§ WHAT THE TASK ASKS:
In this exercise, print only the lines of the records below from the one with "Elficka sukienka z" through the one with "At the invitation", inclusive. Pictures are not part of the copy.

§ RECORDS FOR PROCESSING:
====================
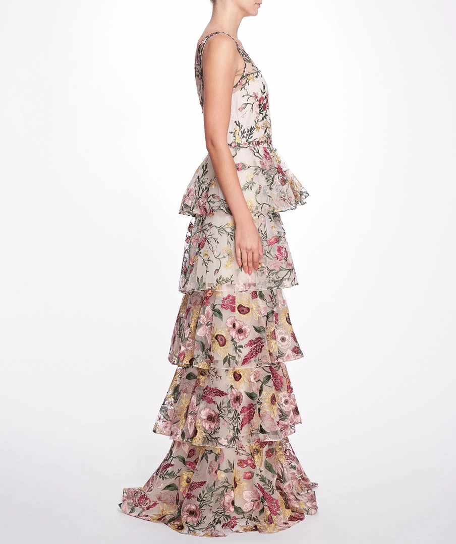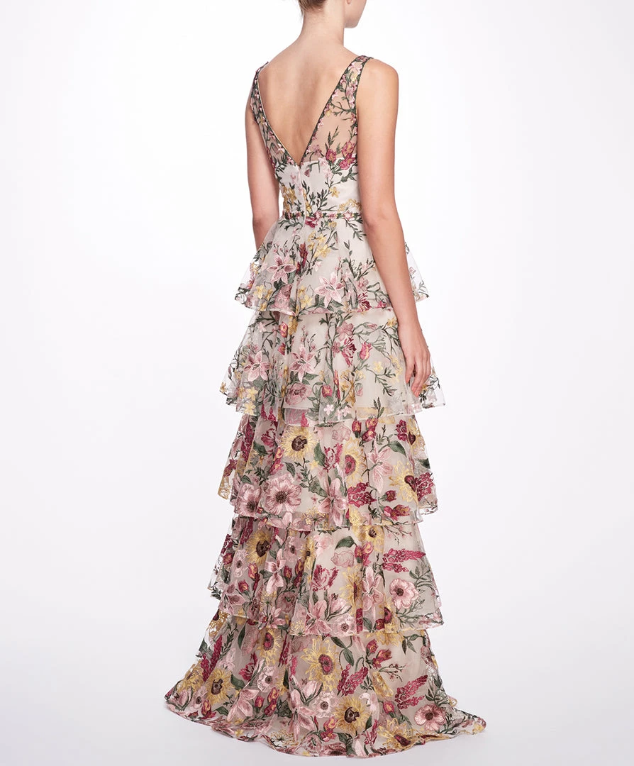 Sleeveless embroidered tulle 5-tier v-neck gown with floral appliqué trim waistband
====================
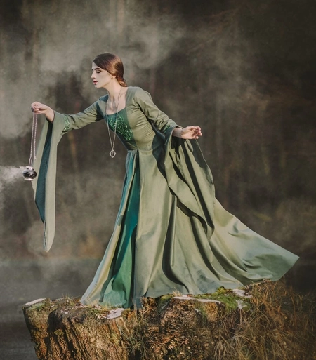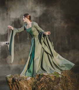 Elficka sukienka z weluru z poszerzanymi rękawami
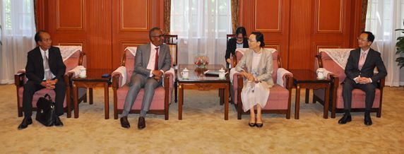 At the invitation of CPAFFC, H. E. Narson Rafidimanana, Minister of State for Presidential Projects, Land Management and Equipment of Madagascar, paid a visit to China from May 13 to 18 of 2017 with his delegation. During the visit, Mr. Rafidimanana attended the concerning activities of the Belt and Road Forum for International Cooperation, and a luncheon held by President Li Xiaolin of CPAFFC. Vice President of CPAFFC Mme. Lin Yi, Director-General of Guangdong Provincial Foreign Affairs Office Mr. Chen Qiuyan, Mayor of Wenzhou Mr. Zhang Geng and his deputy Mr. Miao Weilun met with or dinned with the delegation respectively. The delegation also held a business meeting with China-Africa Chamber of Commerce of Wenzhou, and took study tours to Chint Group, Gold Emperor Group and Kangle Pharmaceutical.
====================
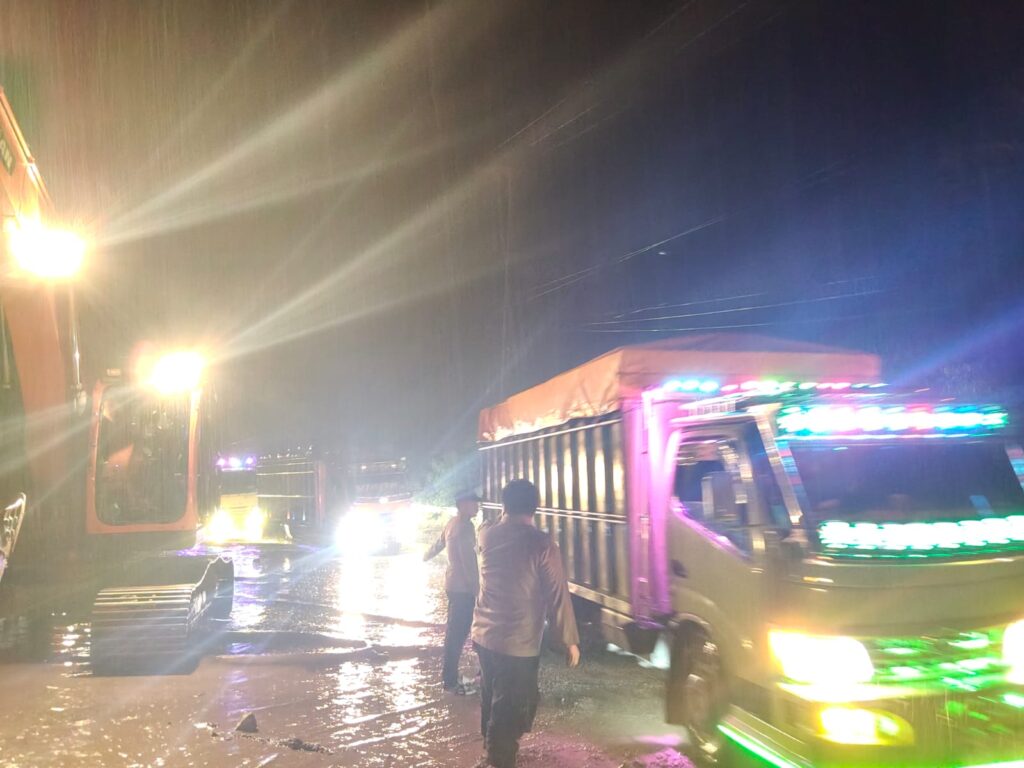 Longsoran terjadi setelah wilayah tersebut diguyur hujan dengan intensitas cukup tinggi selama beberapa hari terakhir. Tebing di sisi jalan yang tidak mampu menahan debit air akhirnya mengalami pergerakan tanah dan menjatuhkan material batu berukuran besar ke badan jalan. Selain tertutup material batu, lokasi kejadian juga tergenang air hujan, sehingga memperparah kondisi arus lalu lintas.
====================
§ ANSWER TO THE EXERCISE:
 Elficka sukienka z weluru z poszerzanymi rękawami
 At the invitation of CPAFFC, H. E. Narson Rafidimanana, Minister of State for Presidential Projects, Land Management and Equipment of Madagascar, paid a visit to China from May 13 to 18 of 2017 with his delegation. During the visit, Mr. Rafidimanana attended the concerning activities of the Belt and Road Forum for International Cooperation, and a luncheon held by President Li Xiaolin of CPAFFC. Vice President of CPAFFC Mme. Lin Yi, Director-General of Guangdong Provincial Foreign Affairs Office Mr. Chen Qiuyan, Mayor of Wenzhou Mr. Zhang Geng and his deputy Mr. Miao Weilun met with or dinned with the delegation respectively. The delegation also held a business meeting with China-Africa Chamber of Commerce of Wenzhou, and took study tours to Chint Group, Gold Emperor Group and Kangle Pharmaceutical.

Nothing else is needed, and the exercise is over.